- **Instructions to follow**
The answer must consist solely of the lines below starting at the one containing "A nomogram was" and ending at the one containing "本日は1-2か゜調理実習でし", repeated exactly, with both ends included and all pictures omitted.

- **Supplied material**

════

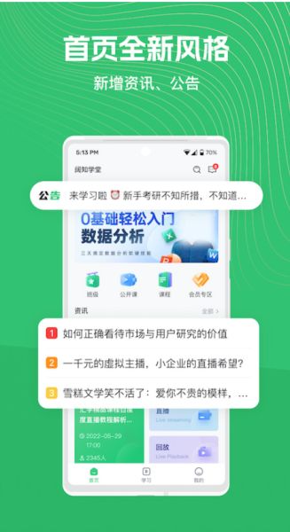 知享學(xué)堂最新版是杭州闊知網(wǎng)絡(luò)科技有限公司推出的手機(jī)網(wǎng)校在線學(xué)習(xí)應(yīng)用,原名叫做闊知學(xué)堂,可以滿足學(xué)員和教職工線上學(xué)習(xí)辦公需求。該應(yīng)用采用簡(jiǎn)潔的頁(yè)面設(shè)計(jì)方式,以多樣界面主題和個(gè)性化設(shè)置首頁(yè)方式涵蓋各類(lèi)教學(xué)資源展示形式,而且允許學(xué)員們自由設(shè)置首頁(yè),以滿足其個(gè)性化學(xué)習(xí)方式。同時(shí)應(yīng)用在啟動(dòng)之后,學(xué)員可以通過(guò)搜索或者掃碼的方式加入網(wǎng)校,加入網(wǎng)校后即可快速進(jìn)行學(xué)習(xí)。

════

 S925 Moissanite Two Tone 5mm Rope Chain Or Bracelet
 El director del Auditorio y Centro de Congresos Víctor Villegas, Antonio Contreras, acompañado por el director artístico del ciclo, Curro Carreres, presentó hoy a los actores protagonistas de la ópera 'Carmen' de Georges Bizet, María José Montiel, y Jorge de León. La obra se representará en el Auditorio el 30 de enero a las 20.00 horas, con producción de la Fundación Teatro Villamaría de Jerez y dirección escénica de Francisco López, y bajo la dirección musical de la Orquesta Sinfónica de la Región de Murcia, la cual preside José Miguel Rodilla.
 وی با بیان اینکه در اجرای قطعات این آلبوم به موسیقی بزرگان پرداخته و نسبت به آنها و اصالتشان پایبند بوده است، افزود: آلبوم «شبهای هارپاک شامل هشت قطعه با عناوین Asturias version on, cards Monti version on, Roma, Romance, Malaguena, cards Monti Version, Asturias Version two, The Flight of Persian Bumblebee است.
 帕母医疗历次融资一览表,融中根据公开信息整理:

════

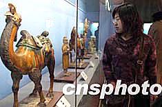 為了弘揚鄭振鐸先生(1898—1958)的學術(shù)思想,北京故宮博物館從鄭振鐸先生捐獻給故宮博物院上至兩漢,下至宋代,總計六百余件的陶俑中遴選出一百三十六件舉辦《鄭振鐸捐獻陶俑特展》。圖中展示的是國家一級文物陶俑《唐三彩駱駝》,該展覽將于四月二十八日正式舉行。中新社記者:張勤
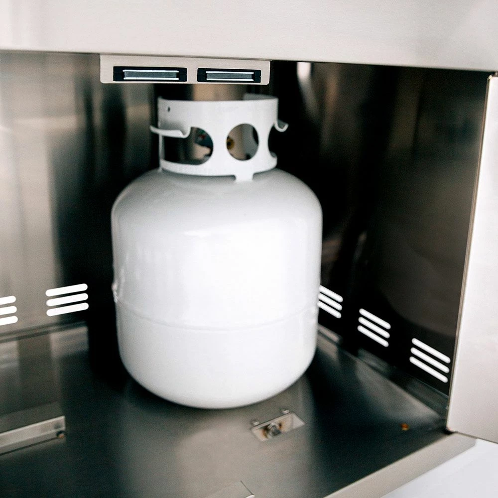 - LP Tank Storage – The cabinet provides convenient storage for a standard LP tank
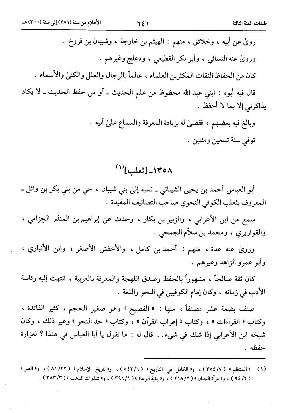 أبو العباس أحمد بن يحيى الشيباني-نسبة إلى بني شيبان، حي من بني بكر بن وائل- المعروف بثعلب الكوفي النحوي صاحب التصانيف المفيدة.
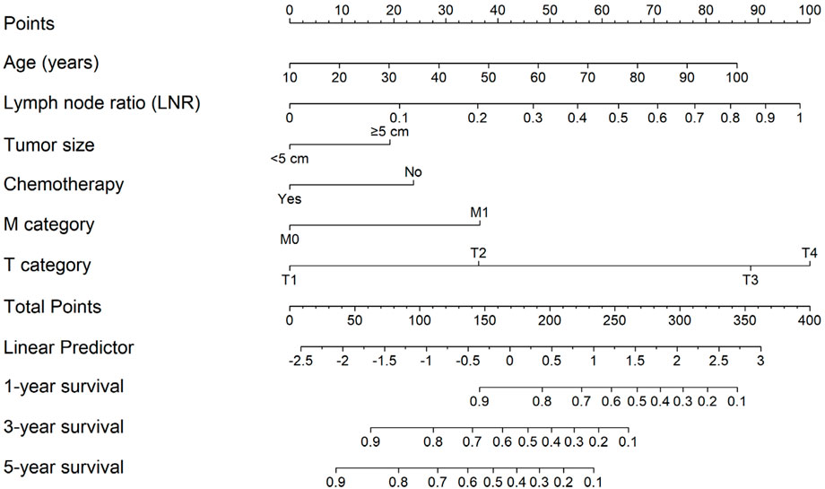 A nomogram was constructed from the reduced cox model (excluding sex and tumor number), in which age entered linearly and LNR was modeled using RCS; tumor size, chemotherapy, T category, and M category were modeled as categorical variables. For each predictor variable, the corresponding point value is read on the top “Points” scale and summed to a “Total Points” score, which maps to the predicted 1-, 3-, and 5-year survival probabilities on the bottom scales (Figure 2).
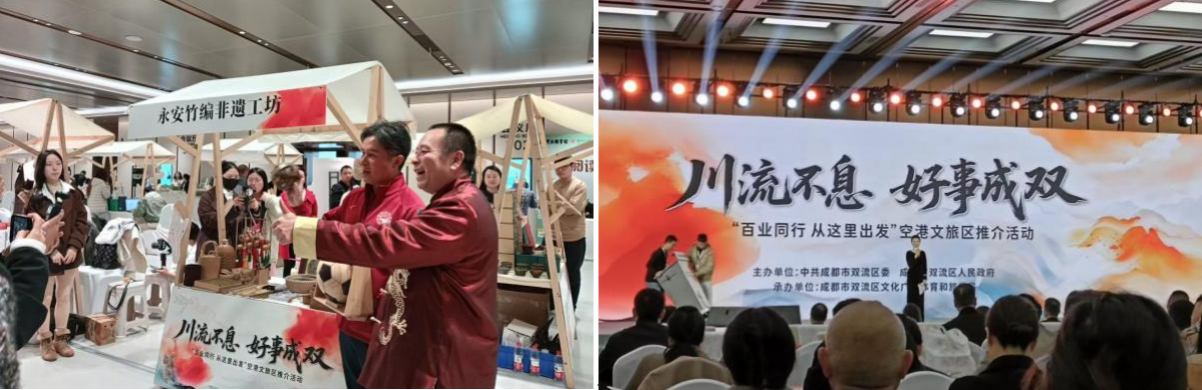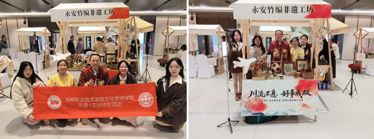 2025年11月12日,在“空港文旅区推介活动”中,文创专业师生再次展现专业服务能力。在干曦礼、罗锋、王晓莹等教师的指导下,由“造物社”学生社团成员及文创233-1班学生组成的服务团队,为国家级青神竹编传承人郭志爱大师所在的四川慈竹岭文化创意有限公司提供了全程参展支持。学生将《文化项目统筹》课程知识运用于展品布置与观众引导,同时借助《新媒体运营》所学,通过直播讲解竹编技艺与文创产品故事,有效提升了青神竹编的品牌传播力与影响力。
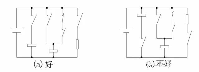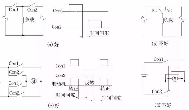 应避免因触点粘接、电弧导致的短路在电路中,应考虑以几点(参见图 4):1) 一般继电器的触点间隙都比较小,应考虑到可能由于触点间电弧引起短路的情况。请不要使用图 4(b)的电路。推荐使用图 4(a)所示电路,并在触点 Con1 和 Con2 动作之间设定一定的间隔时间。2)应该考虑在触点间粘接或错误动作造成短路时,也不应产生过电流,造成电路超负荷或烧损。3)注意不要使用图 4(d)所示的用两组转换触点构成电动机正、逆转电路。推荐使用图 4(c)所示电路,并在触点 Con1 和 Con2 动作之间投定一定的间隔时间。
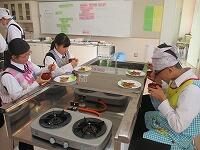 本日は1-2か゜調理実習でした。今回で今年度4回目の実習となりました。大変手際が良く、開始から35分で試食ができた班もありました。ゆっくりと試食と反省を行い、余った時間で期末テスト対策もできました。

════

- **Result**
 A nomogram was constructed from the reduced cox model (excluding sex and tumor number), in which age entered linearly and LNR was modeled using RCS; tumor size, chemotherapy, T category, and M category were modeled as categorical variables. For each predictor variable, the corresponding point value is read on the top “Points” scale and summed to a “Total Points” score, which maps to the predicted 1-, 3-, and 5-year survival probabilities on the bottom scales (Figure 2).
 2025年11月12日,在“空港文旅区推介活动”中,文创专业师生再次展现专业服务能力。在干曦礼、罗锋、王晓莹等教师的指导下,由“造物社”学生社团成员及文创233-1班学生组成的服务团队,为国家级青神竹编传承人郭志爱大师所在的四川慈竹岭文化创意有限公司提供了全程参展支持。学生将《文化项目统筹》课程知识运用于展品布置与观众引导,同时借助《新媒体运营》所学,通过直播讲解竹编技艺与文创产品故事,有效提升了青神竹编的品牌传播力与影响力。
 应避免因触点粘接、电弧导致的短路在电路中,应考虑以几点(参见图 4):1) 一般继电器的触点间隙都比较小,应考虑到可能由于触点间电弧引起短路的情况。请不要使用图 4(b)的电路。推荐使用图 4(a)所示电路,并在触点 Con1 和 Con2 动作之间设定一定的间隔时间。2)应该考虑在触点间粘接或错误动作造成短路时,也不应产生过电流,造成电路超负荷或烧损。3)注意不要使用图 4(d)所示的用两组转换触点构成电动机正、逆转电路。推荐使用图 4(c)所示电路,并在触点 Con1 和 Con2 动作之间投定一定的间隔时间。
 本日は1-2か゜調理実習でした。今回で今年度4回目の実習となりました。大変手際が良く、開始から35分で試食ができた班もありました。ゆっくりと試食と反省を行い、余った時間で期末テスト対策もできました。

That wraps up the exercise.